NC (new capacity) is the value of future capacity purchase costs or future capacity costs expressed in dollars per net kW per year of the utility's new supply options from numbered paragraphs 35.5(4)"m"(6) "2" and "3" in each costing period.
RC (resalable capacity) is the value of existing capacity expressed in dollars per net kW per year that could be sold to other parties in each costing period.
RM (reserve margin) is the generation reserve margin criterion adopted by the utility.
DLF (demand loss factor) is the system demand loss factor expressed as a fraction of the net power generated, purchased, or interchanged in each costing period. For example, the peak system demand loss factor would be equal to peak system power loss (MW) divided by the net system peak load (MW) for each costing period.
EF (externality factor) is a 10 percent factor applied to avoided capacity costs in each costing period to account for societal costs of supplying energy. In addition, the utility may propose a different externality factor but must document the factor's accuracy.
AVOIDED ENERGY COSTS = MEC × (1 + ELF) × (1 + EF)
MEC (marginal energy cost) is the marginal energy cost expressed in dollars per kWh, inclusive of variable operations and maintenance costs, for electricity in each costing period.
ELF (system energy loss factor) is the system energy loss factor expressed as a fraction of net energy generated, purchased, or interchanged in each costing period.
EF (externality factor) is a 10 percent factor applied to avoided energy costs in each costing period to account for societal costs of supplying energy. In addition, the utility may propose a different externality factor but must submit documentation of the factor's accuracy.
AVOIDED CAPACITY COSTS = [(D + OC) × (1 + RM)] × (1 + EF)
D (demand) is the greater of CD or FD.
CD (current demand cost) is the utility's average demand cost expressed in dollars per dth or Mcf during peak and off-peak periods.
FD (future demand costs) is the utility's average future demand cost over the 20-year period expressed in dollars per dth or Mcf when supplying natural gas during peak and off-peak periods.
RM (reserve margin) is the reserve margin adopted by the utility.
OC (other cost) is the value of any other costs per dth or Mcf related to the acquisition of natural gas supply or transportation by the utility over the 20-year period in the peak and off-peak periods.
EF (externality factor) is a 7.5 percent factor applied to avoided capacity costs in the peak and off-peak periods to account for societal costs of supplying energy.
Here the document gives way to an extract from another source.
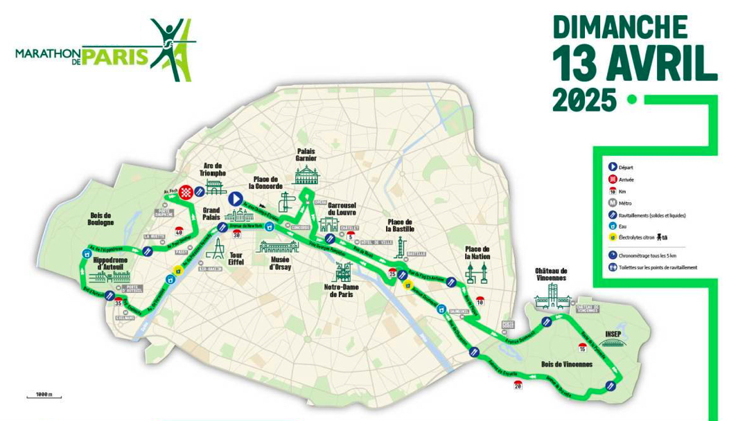 Comme chaque année depuis sa création en 1976, le marathon de Paris a eu lieu lors d’un des deux premiers week-ends du mois d’avril. Ce dimanche 13 avril 2025, ils furent près de 56.000 coureurs à franchir la ligne d’arrivée, après un parcours de de 42,195 km reliant les lieux emblématiques de la capitale française : Champs Élysées, place de la Concorde, Opéra Garnier, Musée du Louvre, Hôtel de Ville, place de la Bastille, Château et Bois de Vincennes, quais de Seine, Notre-Dame, Musée d’Orsay, Grand Palais, Tour Eiffel, Bois de Boulogne, Roland-Garros, Hippodrome d’Auteuil…

In addition, the utility may propose a different externality factor but must submit documentation of the factor's accuracy.
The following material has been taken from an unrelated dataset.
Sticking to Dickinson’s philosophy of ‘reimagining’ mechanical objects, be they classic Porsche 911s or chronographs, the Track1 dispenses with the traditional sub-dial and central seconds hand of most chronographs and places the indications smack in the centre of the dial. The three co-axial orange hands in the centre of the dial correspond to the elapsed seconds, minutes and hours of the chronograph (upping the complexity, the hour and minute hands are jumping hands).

AVOIDED ENERGY COSTS = (E + VOM) × (1 + EF)
E (energy costs) is the greater of ME or FE.
ME (current marginal energy costs) is the utility's current marginal energy costs expressed in dollars per dth or Mcf during peak and off-peak periods.
FE (future energy costs) is the utility's average future energy costs over the 20-year period expressed in dollars per dth or Mcf during peak and off-peak periods.
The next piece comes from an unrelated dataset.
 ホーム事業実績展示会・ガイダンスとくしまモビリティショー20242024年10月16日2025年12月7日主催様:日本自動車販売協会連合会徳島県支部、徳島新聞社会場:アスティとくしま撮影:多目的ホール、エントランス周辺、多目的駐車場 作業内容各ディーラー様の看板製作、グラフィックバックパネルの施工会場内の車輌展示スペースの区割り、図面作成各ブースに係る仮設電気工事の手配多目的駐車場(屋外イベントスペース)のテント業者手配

VOM (variable operations and maintenance costs) is the utility's average variable operations and maintenance costs over the 20-year period expressed in dollars per dth or Mcf during peak and off-peak periods.
EF (externality factor) is a 7.5 percent factor applied to avoided energy costs in the peak and off-peak periods to account for societal costs of supplying energy. In addition, the utility may propose a different externality factor but must submit documentation of the factor's accuracy.